But it is appropriate for an unexpected reason. Mr. Button reminds us that two years or so ago, the New York legislature passed a law which would make it more convenient for policemen to halt persons on the street and search them for weapons, or to enter the homes of suspected criminals. This was a measure devoutly urged both by the Mayor and the Governor; but Congressman Lindsay was moved, alone and from a distance, to invoke in protest the ghost of the elder Pitt: “The poorest man in his cottage can bid defiance to all the forces of the crown…the wind may blow through it, the storm may enter, the rain may enter, but the King of England may not enter.”

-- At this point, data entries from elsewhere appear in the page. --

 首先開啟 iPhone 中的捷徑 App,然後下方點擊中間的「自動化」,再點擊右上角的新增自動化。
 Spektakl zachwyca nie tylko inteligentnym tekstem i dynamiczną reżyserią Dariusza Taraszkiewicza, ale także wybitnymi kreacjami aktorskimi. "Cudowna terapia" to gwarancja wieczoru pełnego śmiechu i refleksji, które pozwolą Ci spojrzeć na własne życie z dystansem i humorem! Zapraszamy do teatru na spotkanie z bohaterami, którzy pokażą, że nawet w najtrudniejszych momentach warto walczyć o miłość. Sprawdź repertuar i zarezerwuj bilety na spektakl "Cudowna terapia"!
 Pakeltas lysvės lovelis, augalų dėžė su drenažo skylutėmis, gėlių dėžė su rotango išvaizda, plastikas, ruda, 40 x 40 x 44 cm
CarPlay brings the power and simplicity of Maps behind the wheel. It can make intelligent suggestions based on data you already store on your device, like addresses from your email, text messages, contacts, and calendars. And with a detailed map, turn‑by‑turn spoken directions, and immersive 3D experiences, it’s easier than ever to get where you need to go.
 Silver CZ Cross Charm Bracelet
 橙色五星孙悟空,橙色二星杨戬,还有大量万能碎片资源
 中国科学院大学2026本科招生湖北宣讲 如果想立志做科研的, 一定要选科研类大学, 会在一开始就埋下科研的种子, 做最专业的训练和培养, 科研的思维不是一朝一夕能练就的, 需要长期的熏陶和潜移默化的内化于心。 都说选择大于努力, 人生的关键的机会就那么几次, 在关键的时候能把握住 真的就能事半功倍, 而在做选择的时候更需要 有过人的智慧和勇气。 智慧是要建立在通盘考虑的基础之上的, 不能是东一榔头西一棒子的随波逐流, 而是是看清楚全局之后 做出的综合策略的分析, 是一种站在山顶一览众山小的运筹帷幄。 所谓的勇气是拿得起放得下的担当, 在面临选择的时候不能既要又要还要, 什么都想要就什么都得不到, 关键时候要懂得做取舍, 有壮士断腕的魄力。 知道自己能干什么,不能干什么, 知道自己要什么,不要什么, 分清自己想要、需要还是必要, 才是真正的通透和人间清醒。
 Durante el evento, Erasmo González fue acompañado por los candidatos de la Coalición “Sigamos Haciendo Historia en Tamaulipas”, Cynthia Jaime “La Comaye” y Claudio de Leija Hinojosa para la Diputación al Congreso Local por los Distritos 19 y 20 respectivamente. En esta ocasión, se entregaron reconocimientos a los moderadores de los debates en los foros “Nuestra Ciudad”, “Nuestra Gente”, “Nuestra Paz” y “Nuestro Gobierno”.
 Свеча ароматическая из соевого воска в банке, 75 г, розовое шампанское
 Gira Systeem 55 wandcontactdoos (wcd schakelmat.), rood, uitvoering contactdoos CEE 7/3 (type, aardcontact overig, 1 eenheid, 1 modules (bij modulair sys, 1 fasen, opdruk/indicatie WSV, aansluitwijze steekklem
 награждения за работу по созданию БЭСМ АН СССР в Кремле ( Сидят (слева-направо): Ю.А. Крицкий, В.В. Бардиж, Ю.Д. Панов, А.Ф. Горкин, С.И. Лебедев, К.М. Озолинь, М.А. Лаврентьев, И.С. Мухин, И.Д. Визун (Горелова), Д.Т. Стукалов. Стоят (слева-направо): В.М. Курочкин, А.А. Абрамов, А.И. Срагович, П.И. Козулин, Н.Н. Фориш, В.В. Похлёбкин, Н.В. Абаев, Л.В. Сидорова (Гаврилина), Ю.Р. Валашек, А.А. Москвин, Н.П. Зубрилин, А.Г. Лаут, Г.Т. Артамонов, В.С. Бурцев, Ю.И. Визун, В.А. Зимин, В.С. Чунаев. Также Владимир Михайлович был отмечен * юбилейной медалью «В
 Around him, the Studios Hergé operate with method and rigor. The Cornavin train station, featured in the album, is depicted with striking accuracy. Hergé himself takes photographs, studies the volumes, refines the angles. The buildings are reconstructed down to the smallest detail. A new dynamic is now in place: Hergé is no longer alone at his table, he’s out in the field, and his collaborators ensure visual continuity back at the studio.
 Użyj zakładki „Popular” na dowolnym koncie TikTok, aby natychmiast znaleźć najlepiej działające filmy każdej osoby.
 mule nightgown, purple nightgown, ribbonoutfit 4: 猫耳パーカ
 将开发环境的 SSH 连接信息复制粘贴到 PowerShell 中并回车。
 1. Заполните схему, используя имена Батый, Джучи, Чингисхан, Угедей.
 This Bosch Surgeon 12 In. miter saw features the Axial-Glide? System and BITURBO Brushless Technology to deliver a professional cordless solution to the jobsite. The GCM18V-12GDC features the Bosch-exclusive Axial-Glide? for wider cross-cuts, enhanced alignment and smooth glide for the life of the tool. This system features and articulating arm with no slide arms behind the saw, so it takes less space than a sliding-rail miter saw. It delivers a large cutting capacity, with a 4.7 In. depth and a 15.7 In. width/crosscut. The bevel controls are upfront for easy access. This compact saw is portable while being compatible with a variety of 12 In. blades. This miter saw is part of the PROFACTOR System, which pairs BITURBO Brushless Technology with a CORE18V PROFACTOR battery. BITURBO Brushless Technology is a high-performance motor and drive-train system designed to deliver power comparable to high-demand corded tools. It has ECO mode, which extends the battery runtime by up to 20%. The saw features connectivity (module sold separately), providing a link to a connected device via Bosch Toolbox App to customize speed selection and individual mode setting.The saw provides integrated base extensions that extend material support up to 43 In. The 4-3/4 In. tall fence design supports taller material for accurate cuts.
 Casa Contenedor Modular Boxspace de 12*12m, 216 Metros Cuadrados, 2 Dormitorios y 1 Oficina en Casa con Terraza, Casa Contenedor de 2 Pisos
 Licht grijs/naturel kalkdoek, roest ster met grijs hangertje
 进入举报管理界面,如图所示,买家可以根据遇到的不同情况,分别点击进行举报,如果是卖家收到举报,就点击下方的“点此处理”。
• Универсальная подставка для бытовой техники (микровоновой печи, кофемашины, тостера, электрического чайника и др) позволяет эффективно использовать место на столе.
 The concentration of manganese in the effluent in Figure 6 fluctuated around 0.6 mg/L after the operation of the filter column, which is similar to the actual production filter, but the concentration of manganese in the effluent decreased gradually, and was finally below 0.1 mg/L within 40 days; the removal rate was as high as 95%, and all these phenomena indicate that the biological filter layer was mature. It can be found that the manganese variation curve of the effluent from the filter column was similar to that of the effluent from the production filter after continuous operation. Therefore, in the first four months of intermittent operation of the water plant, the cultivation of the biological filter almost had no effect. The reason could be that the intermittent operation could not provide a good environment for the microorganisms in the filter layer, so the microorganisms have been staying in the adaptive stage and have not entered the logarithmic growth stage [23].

Now the worst thing about the urban condition may not be that it is ugly or that it is decaying but rather that there is absent from it simple civility. What would be real then is not the housing issue or the traffic issue but the damaged dignity of the person. We live without notable protest with a Department of Public Welfare, which accepts as a duty and claims as a right the unannounced midnight visit to the mother it suspects of concealing the able-bodied man in her house in order to justify her claim to an Aid-to-Dependent-Children grant. We need only think a moment of this scene to see at once that Mr. Lindsay might be an inappropriate Mayor in every respect but the single most consequential one.

Mr. Lindsay strides our streets as though fresh from a scrotum-tightening sea and his managers tell us, because that is what is expected of them, that his special promise to us is that he will be a modern mayor. His promise instead is that he could be a mayor of very old-fashioned and almost forgotten prejudices.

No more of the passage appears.